Be smart about what you eat and drink

Minimizing caffeine, alcohol, and nicotine before sleeping seems logical. But less known, avoid having heavy and late dinner. A light dinner, without quick sugars and red meat but with a portion of slow sugars.

Do not eat within 4 to 6 hours of the time you want to sleep. 

Create a comfortable environment for sleep. 

Don’t work too late to free your mind (within 2 hours of the time you want to sleep).

Sleeping in a quiet, dark room and at a cool and comfortable temperature will help you sleep faster. The ideal room temperature for sleep is between 18 – 22 Celsius degrees (64.4 – 71.6 Fahrenheit degrees).

Practice meditation

Meditation and relaxation training will help you improve fall asleep faster and sleep better. There is a simple but powerful breathing method called 4-7-8 method that is used by the military and ancient yogi that will lower your heartbeat, calm yourself and make you fall asleep faster, sleep better and increase your natural defense. 

Here are the steps. Exhale completely through your nose until you empty your air. Close your mouth and inhale through your nose until you are filled with air (belly and lung) while mentally counting to four. Hold your breath and mentally count to seven. Close your mouth and exhale completely through your nose, and mentally counting to eight. If 4-7-8 is easy for you to double the ratio to 8-14-16 and so on. The higher the ratio the better it is. Repeat this cycle 7 times. Do it at least three times a day, the more you do it the better it will be. 

Do not pay attention to time

People who can’t fall asleep often tend to watch the clock and are obsessed with the fact that they cannot fall asleep. But this behavior causes anxiety and that’s what you want to avoid. So get rid of any clock in your bedroom that shines in the night or forces yourself not to watch it. Even if it is tempting, watching the time is useless. Anyway, you will have to wake up at the time you have to and it is not by looking at it that you will fall asleep faster.

Fight anxiety and stress

One of the major cause of falling asleep issues is anxiety and stress. I am anxious myself and I hate it when my brain starts working hard just before sleeping when I have my eyes closed. It causes me trouble relaxing and turning off my thoughts. 

There are techniques that I tested and that I can confirm are helping. Try to visualize something that makes you happy and smile while you have your eyes closed. This technique will help you occupy your mind with good thoughts instead of engaging with worries and concerns during the pre-sleep time. But if you think of something important and you feel that it develops in your mind. Stand up and write it down on a piece of paper. At first glance, one may think that getting up will make you start over from the beginning but on the contrary, it will allow you to move on and fall asleep more quickly.

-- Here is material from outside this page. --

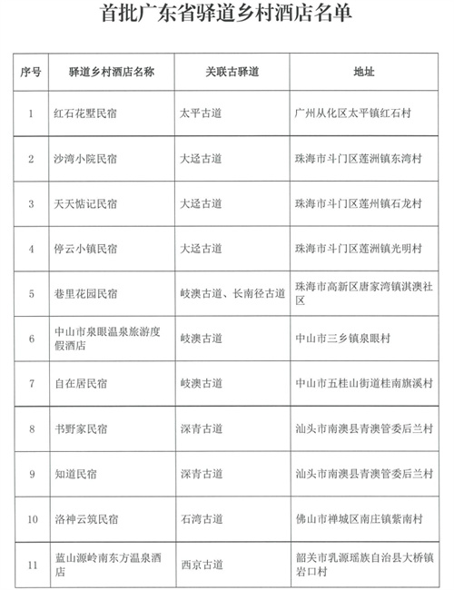 中山两处上榜首批广东省驿道乡村酒店

But the best techniques to clear your brain before sleeping are still meditation and breathing exercises.

Conclusion

Yes, there are a lot of parameters to take into consideration to find a good sleep. But you are certainly doing great on some of these factors. And if you are not, it is okay, try to apply these changes step by step. This may take several weeks of adaptation, but anyway you are used to taking a long time to fall asleep or sleep badly for a while now.